After a weekend of chills and cold sweats, it seemed like a good idea to skip our planned visit to Niagara Falls and head home.

My family doctor has been my family doctor since I was 19 years old – with the exception of the time I lived in FL.  I never once laid down on his exam table.  I’ve been in there with all kinds of ills and chills, but never felt compelled to lay down.

It was perhaps the fact that I was laying down that prompted him to send me to the ER immediately.  He’s very good at this doctor thing – he should consider a career….just sayin’.

Long story short, in acute renal failure with sepsis, they admit me to the ICU.  What a great place, ICU.  Private room, private nurse, all the IVs you want – and I even vaguely recall there might have been a TV.  It was like staying at the Grand Floridian, only less, ummm, Floridian feeling.

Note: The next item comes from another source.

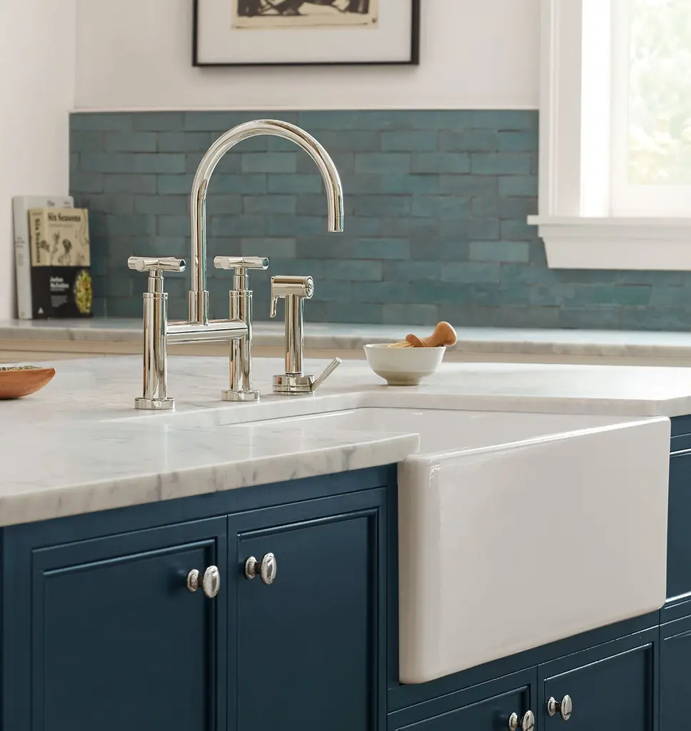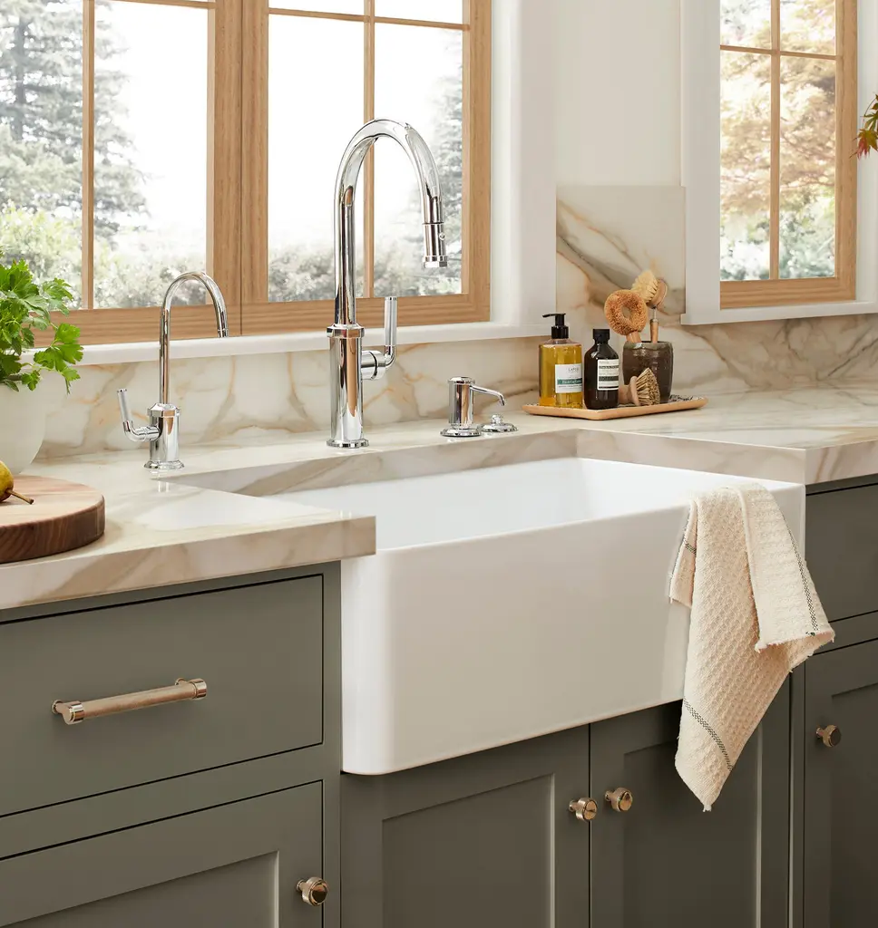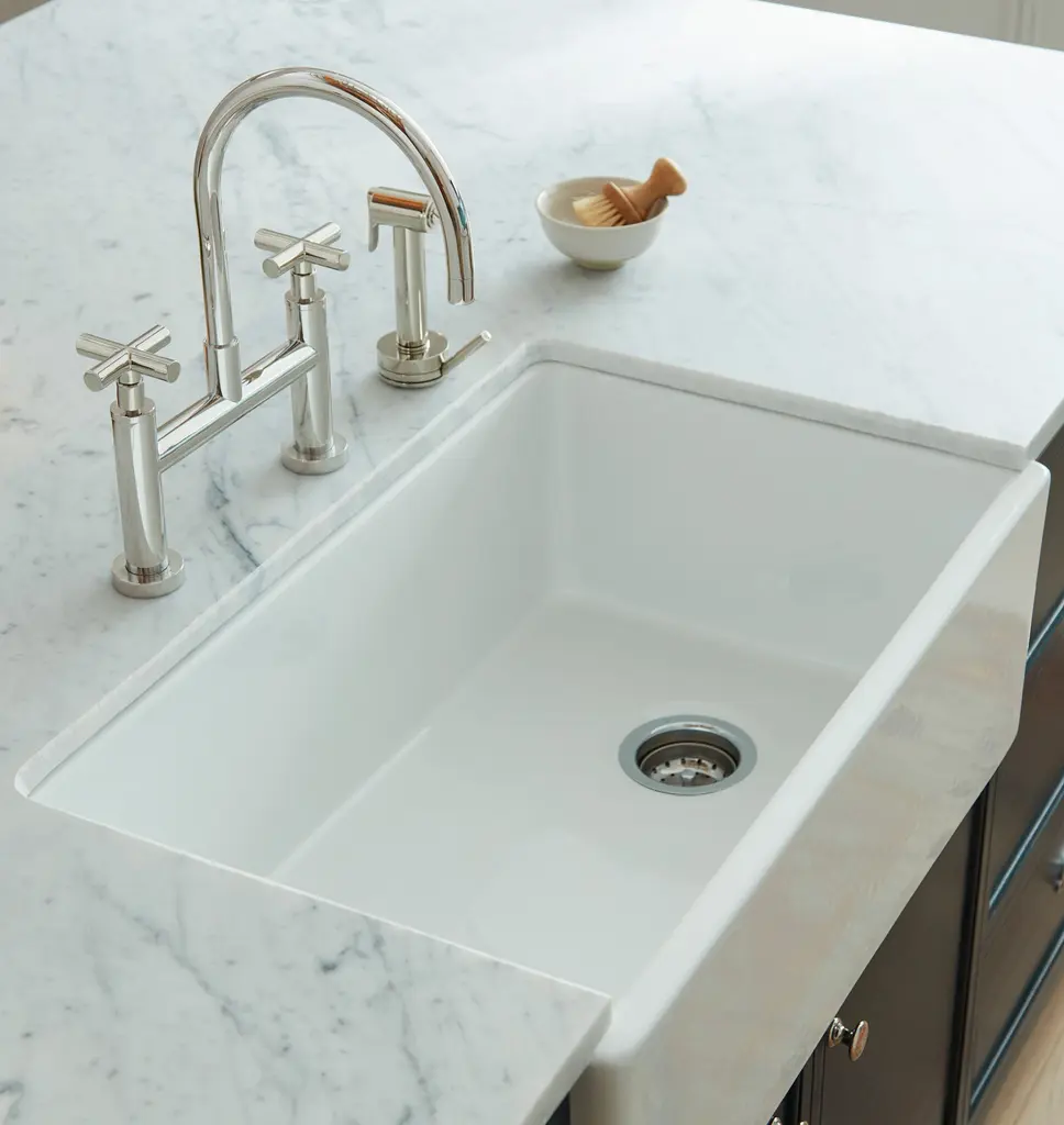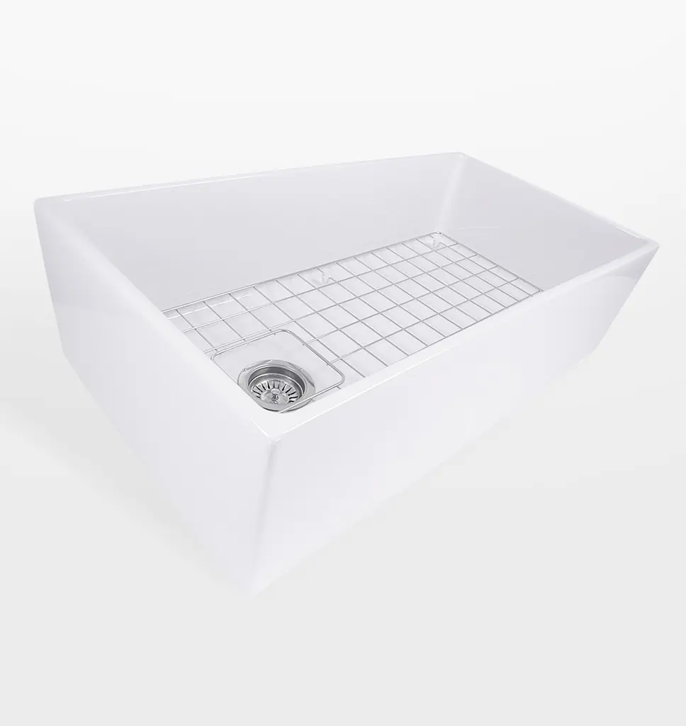 A hearty sink with an offset drain that allows for more space, our Frost Fireclay Kitchen Sink boasts a large rectangular basin with a traditional farmhouse apron-front design. Crafted in Italy from dense fireclay, the porcelain enamel glaze naturally inhibits bacterial growth and includes a bottom rack to help deter scratching.

I’ve got a long road to go.  The acute renal failure has left me severely anemic, and the cause of the problem in the first place is indeed an enormous, the size of Stewie from Family Guy’s head kidney stone that is blocking my kidney from draining.  That has to come out, so I’m looking at a surgical procedure at the end of the month.

But in the grand scheme of things, I’m here.  When the ladies from the local Church came to pray with me and give me communion on Sunday, I admit, I cried my eyes out.  Having heard all week long how many hours away I had been from dying, it was overwhelming on a dark, dismal, rainy day to have this lovely woman, dressed in sunshine yellow, there to celebrate with me my going home.

I should pledge to do something great with my life, now that it’s been saved.  But I really try, every day, to do something great for someone.  So I’ll just pledge to continue to be me – for as long as you’ll have me.